Foi só isso que fez ganhar Moedas? Foi uma soma de boas parcelas – candidato confiável, programa, atitude, equipa – mas é imprescindível somar-lhe o protesto sob pena de não se perceberem as coisas. E não foi só em Lisboa. Quem olhar para o Porto, por exemplo – onde o PS quase se sumiu do mapa – perceberá bem o poder que um voto tem. Ou seja, estão aí os sinais e alguns já acesos. O centro e a direita ganharam? Não, mas.

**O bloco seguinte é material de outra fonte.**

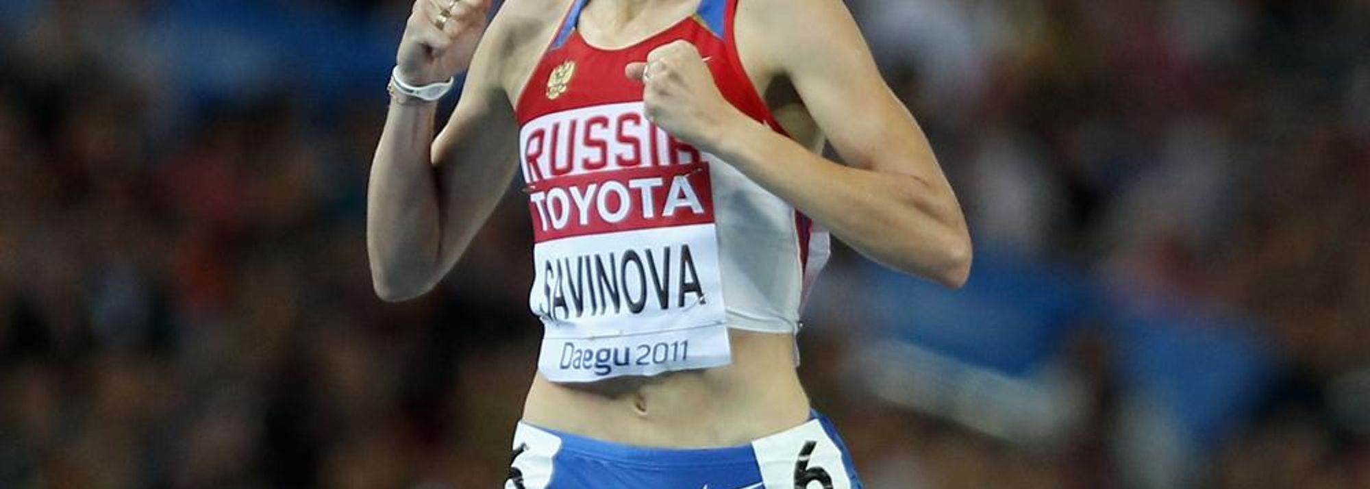 Mariya Savinova of Russia crosses the finish line to claim victory in the women's 800 metres final (© Getty Images)

3 E depois foi muito interessante de observar como, de um minuto para o outro, o mal amado PSD passou a tema forte da longuíssima noite eleitoral e Moedas a um inesperado produtor de suspense político. Ou como Rio foi expeditamente convocado do banco para o relvado como grande goleador (que não é).
Claro que o triunfo de Carlos Moedas lhe conferiu a voz política e a influencia partidária que nunca teve. Que vai fazer com ambas será o mais difícil para ele mas da facilidade nada reza. E o resto – à direita ou à esquerda – criou alguns equívocos.
Equivoco um: à excepção de Coimbra, o líder do PSD pouco teve a ver, pessoal e politicamente, com os municípios ganhos pelo PSD. O genuíno empenho e energia postos na quilometragem feita de norte a sul por Rui Rio não se confunde com capacidade de liderança, talento estratégico, projecto político, produção de uma alternativa. Meia dúzia de vitórias municipais, mesmo que muito suadas (por outros) não fornecem a um líder a capacidade política que aparentemente lhe parece faltar e já vai tempo. Agora é mais fácil, Rio passou a “vencedor”? Só aparentemente. Um mínimo de racionalidade política recomenda que continuem em aberto no PSD os capítulos previstos. Já anteriormente previstos. Há equívocos duros de roer. Se forem políticos, ainda mais, são fatais.
Equívoco dois: a derrota de Medina fragilizou-o mais no Largo do Rato do que na Praça do Município. Inviabilizando (irreversivelmente?) a sua tão por ele sonhada futura liderança do PS. O fracasso do ex-autarca de Lisboa fez de imediato projectar sobre Pedro Nuno Santos prognósticos taxativos: será dele o próximo PS. Dele, do seu aparelho, das suas tropas, das suas certezas, da sua ambição. É esquecer que António Costa acha – sabe – que seria um equivoco politico grave “conceder” a liderança da sua casa de família a alguém que ele não aplaude (politicamente) e de quem desconfia (politicamente). Não concederá. Nem consentirá. Nem que para isso tenha de rever planos que lhe são caros e projectos que gostaria (muito) de concretizar.
Equivoco três: seria mais conforme à sua função que o Presidente da Republica não insistisse no comentário ao ar do tempo político e aos seus protagonistas, louvando-os ou desgraduando-os. Há arautos oficiais e oficiosos que se encarregariam com júbilo e zelo da tarefa.